SLAS Discovery Volume 39 debuts AI-powered workflows and massive proteome datasets to accelerate drug development

New research from SLAS Discovery introduces the Binder2030 dataset and label-free AI imaging to accelerate cancer and parasitic disease drug development.

By: AXL Media

Published: Apr 30, 2026, 9:22 AM EDT

Source: Information for this report was sourced from EurekAlert!

Next-Generation Tools for Challenging Targets

The Society for Laboratory Automation and Screening (SLAS) has released Volume 39 of its flagship journal, SLAS Discovery, featuring research aimed at modernizing the drug discovery pipeline. The new volume focuses on four primary areas: AI-assisted live-cell imaging, covalent fragment identification, parasitic disease assays, and large-scale proteome datasets. By integrating artificial intelligence and mass spectrometry, these studies address the logistical bottlenecks that often slow the transition from laboratory research to clinical application, particularly for complex diseases like cancer and Chagas disease.

AI-Driven Live-Cell Imaging Without Labels

A major highlight of the volume is a novel AI-powered workflow designed to analyze T-cell mediated tumor killing. Traditionally, these assays require fluorescent dyes or nuclear labels to track immune cell activity, which can introduce phototoxicity and experimental artifacts. The new brightfield microscopy analysis eliminates the need for these labels, offering a "hands-free" approach that simplifies the workflow while maintaining high consistency. This advancement allows researchers to observe functional activity in immune cell therapeutics more naturally, reducing the risk of segmentation errors and improving the robustness of hit calling in cancer immunotherapy research.
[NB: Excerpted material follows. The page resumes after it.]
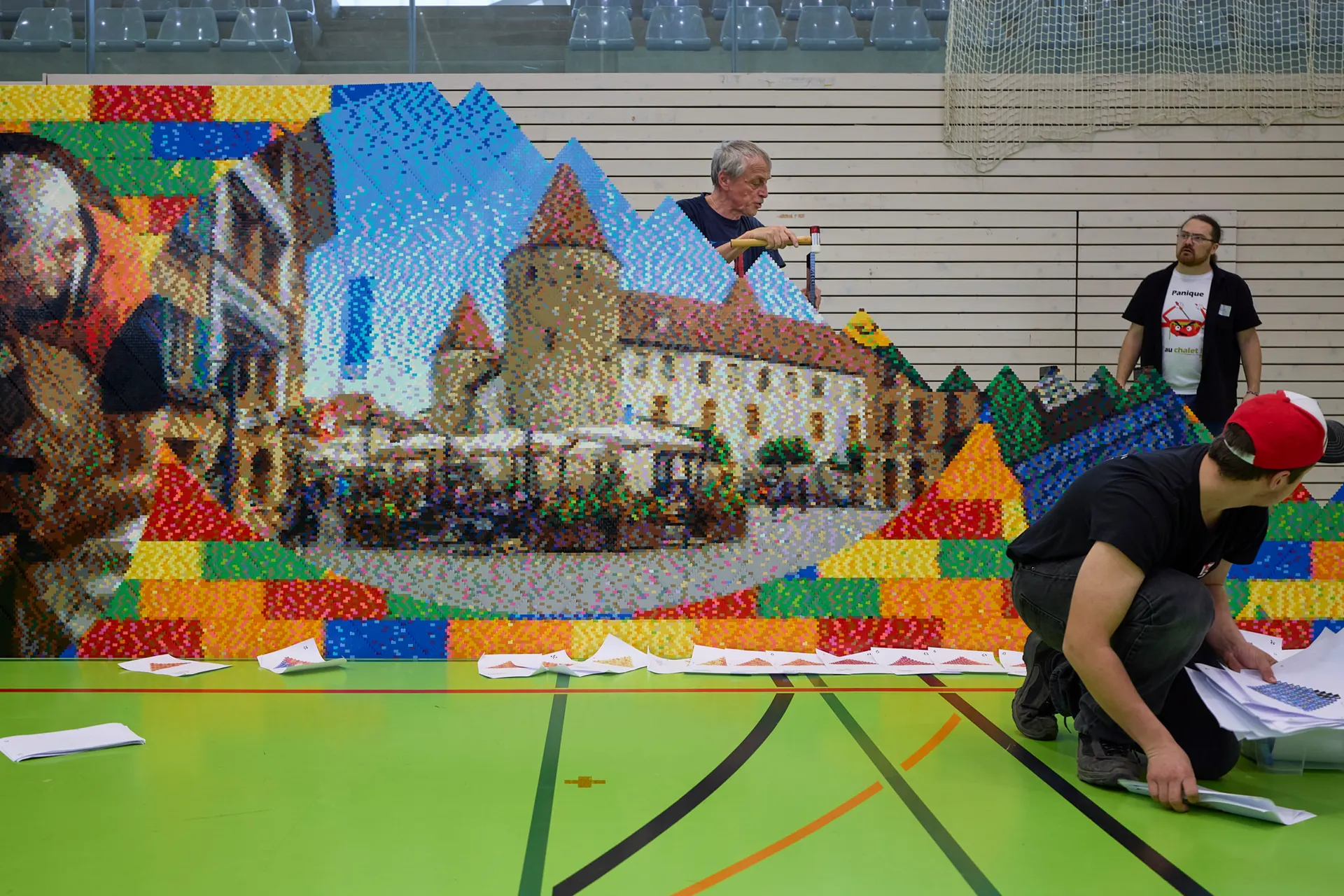 До створення фрески долучили всіх охочих: відвідувачі могли збирати “ромби” зі 100 деталей, а волонтери Brickmaster.ch (компанії з проведення Lego-подій, яка базується в Консізі) під’єднували ці елементи до загальної картини.

Tackling the MPP8 Protein and Chagas Disease

The volume also reports on specific screening successes for historically difficult targets. Using high-throughput MALDI-TOF mass spectrometry, researchers identified two novel covalent fragments that target the MPP8 protein, a methyl-lysine reader with significant implications for cancer treatment. Simultaneously, another study validated a 384-well high-content imaging assay to combat Trypanosoma cruzi, the parasite responsible for Chagas disease. This multiplexed platform is particularly valuable as it measures both anti-parasitic efficacy and host cell toxicity, providing a safer alternative to the side-effect-prone treatments currently available.